Mais, finalement, à l’image de la direction concernant le nom de la franchise, les fans et la presse ne firent pas preuve d’imagination en appelant les joueurs du Toronto FC de la couleur principale de leur tunique, les reds. D’ailleurs, dans le choix de la couleur, MLSE demeura assez classique également. Première ville non-américaine à intégrer la MLS, l’équipe de Toronto opta pour le rouge et le blanc, mettant en valeur ses origines canadiennes. Car, basée sur le red ensign (pavillon rouge avec l’union jack dans le coin supérieur gauche), la première bannière canadienne affichait déjà principalement la couleur rouge. En 1921, le roi George V proclama le rouge et le blanc comme couleurs officielles du Canada (le rouge provenant de la croix de saint Georges et le blanc de l’emblème royal français depuis Charles VII). Enfin, les deux couleurs furent reprises définitivement en 1965 lors de l’adoption du drapeau actuel. Ce qui tombait bien, c’est que ces deux couleurs étaient également les principales du futur sponsor de l’équipe, la Banque de Montréal. Le hasard fait bien les choses …

#1372 – FC Urartu : Առյուծներ

Les lions. En 1992, le tout nouvel état d’Arménie voit son premier championnat national se dérouler avec 24 équipes. Certaines étaient un héritage de l’Union Soviétique tandis que d’autres étaient créées pour l’occasion. Dans son village natal d’à peine 2 000 âmes, Sarkis Israelyan fonda le FC Banants. Le succès fut au rendez-vous immédiatement avec la victoire en Coupe d’Arménie et une troisième place au classement dès l’année de sa fondation. Seulement, trois ans plus tard, le club rencontra des difficultés financières et fusionna avec le FC Kotyak, l’un des plus anciens clubs de football arméniens, pour se sauver. En 2001, nouvelle fusion avec le Spartak Erevan et le club déménagea dans la capitale arménienne.

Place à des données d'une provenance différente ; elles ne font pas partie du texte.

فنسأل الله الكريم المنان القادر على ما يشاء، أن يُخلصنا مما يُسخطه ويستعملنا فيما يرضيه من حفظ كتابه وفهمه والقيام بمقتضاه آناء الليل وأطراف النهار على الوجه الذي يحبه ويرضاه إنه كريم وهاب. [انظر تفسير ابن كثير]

Mais, créé initialement pour représenter la province de Kotayk, où se situe le village de Banants, le club aurait pu se perdre dans ces fusions successives et ce déménagement. Toutefois, le lion qui tient un flambeau dans son blason rappelle ses origines. En effet, la province de Kotyak arbore un lion sur ses armoiries, qui s’inspire de la statue du « Lion de Geghard ». Conçu par Rafael Israelyan et scuplté par Ara Harutyunyan, la sculpture, en cuivre martelé et placée sur un socle en basalte, fut érigée en 1958 sur la route menant au monastère de Geghard.

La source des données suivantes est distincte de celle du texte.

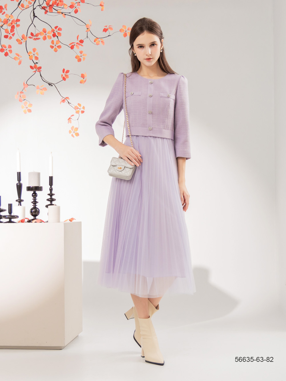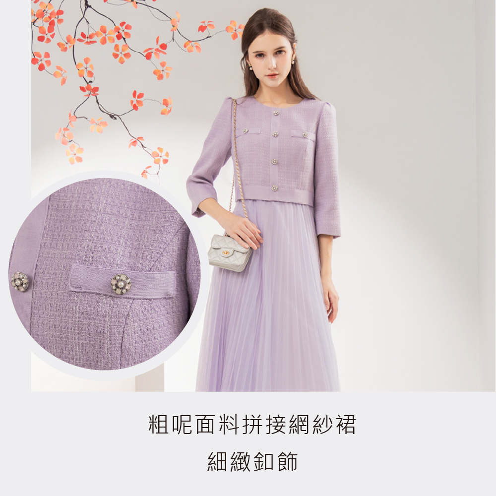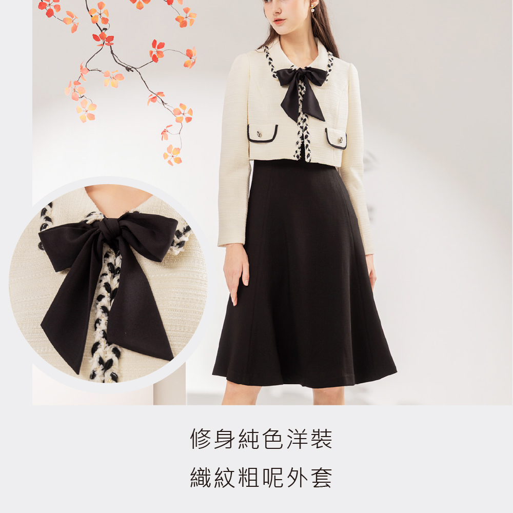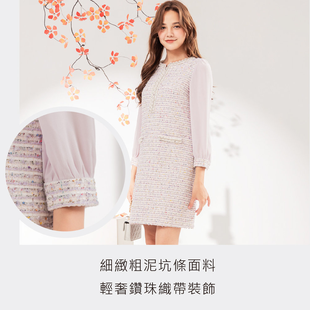 質感粗呢面料 氣質修身版型 裙身壓褶設計 附腰帶

Ce lion rappelle les armoiries des Proshian, une dynastie princière arménienne qui régna dans la province de Vayots Dzor aux XIIIème et XIVème siècles. Les Proshian rachetèrent dans les années 1240 le monastère de Geghard pour en faire le tombeau familial. Et dans ce monastère, on retrouve plusieurs bas reliefs de Lion qui représentent leurs armes. Le principal représente deux lions encordés tenus par une tête de taureau et en-dessous un aigle enserrant un agneau dont la signification serait « Tant que nous serons enchaînés comme des lions, nous resterons forts comme un bœuf et nous protégerons les hommes comme un aigle protège un agneau ».